Each line of data below must be printed exactly as written, with any pictures removed.

## Material provided
= Beginning of Section =
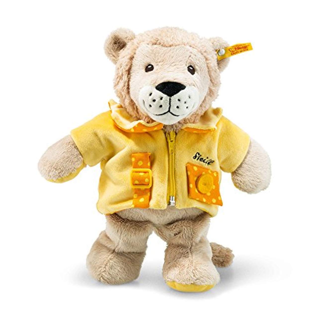Steiff 240607 Leon LoeweLeon, der große, starke Löwe, erweckt Kraft und stärkt das Selbstbewusstsein. Der sympathische Löwe ist 30 cm groß. Die gelbe Jacke mit appliziertem Steiff-Logo enthält drei Lernfunktionen: Knopf, Schlaufe und Reißverschluss. Erst nach dem Öffnen dieser Schliessmechanismen kann Leon seine Jacke ausziehen.Optimal zur Förderung der Motorik.
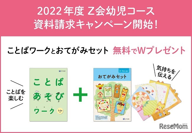 Z会は2022年3月31日まで、「Z会の通信教育」春の資料請求キャンペーンを実施している。2022年度の幼児コースまたは小学生向けコースの資料を請求した者には、実際の教材が試せる「おためし教材」の他、無料プレゼントを進呈する。
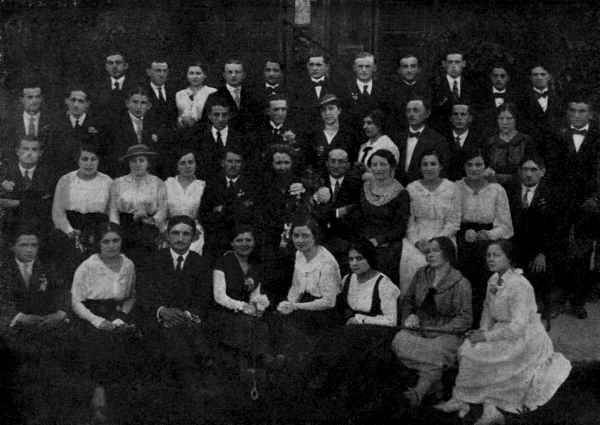 * Note: According to Frida Cielak (Mexico City, Mexico), in the top row, the 5th person in from the right, Moishe Markuschamer, is standing sideways and looking at his then wife-to-be, Ethel Saperstein.
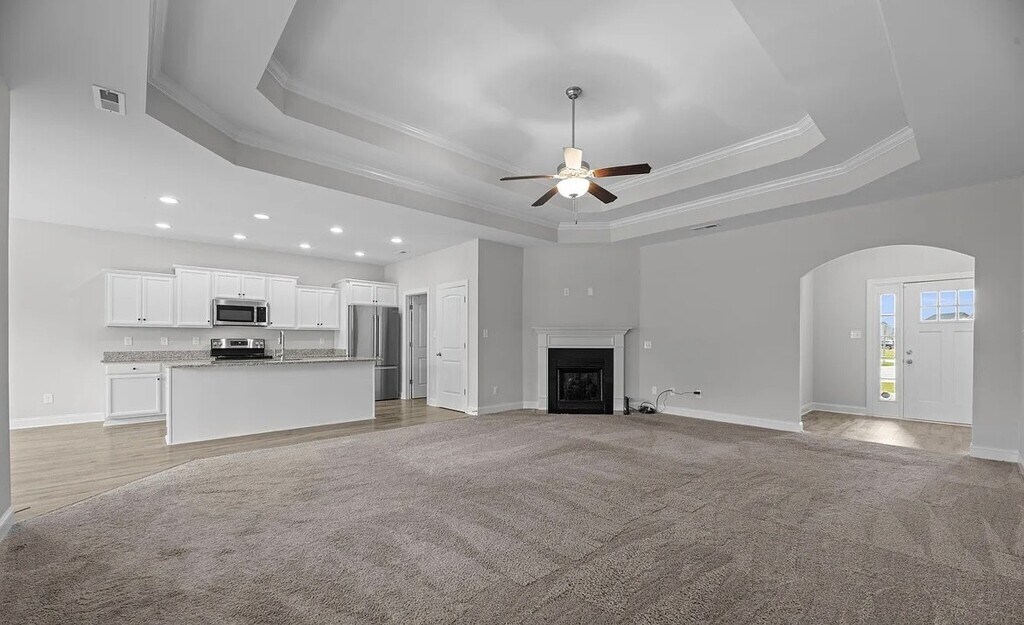 Start the New Year right with a never lived in, new construction home for rent in the beautiful new community of Bluewater Rise. This 3 bedroom 2 bath home features an open floor plan with large windows allowing an abundance of natural light. Double tray ceilings in the living room and the main bedroom add to the feel of a large open space right when you walk in. All bedrooms are large allowing plenty of space for furniture. The main bedroom has a very roomy walk-in closet and bathroom with double sinks and a separate shower from the tub. This community is just a short drive to downtown New Bern, the Atlantic Coast and a short commute to MCAS Cherry Point.
= End of Section =
## Response to the exercise
Steiff 240607 Leon LoeweLeon, der große, starke Löwe, erweckt Kraft und stärkt das Selbstbewusstsein. Der sympathische Löwe ist 30 cm groß. Die gelbe Jacke mit appliziertem Steiff-Logo enthält drei Lernfunktionen: Knopf, Schlaufe und Reißverschluss. Erst nach dem Öffnen dieser Schliessmechanismen kann Leon seine Jacke ausziehen.Optimal zur Förderung der Motorik.
 Z会は2022年3月31日まで、「Z会の通信教育」春の資料請求キャンペーンを実施している。2022年度の幼児コースまたは小学生向けコースの資料を請求した者には、実際の教材が試せる「おためし教材」の他、無料プレゼントを進呈する。
 * Note: According to Frida Cielak (Mexico City, Mexico), in the top row, the 5th person in from the right, Moishe Markuschamer, is standing sideways and looking at his then wife-to-be, Ethel Saperstein.
 Start the New Year right with a never lived in, new construction home for rent in the beautiful new community of Bluewater Rise. This 3 bedroom 2 bath home features an open floor plan with large windows allowing an abundance of natural light. Double tray ceilings in the living room and the main bedroom add to the feel of a large open space right when you walk in. All bedrooms are large allowing plenty of space for furniture. The main bedroom has a very roomy walk-in closet and bathroom with double sinks and a separate shower from the tub. This community is just a short drive to downtown New Bern, the Atlantic Coast and a short commute to MCAS Cherry Point.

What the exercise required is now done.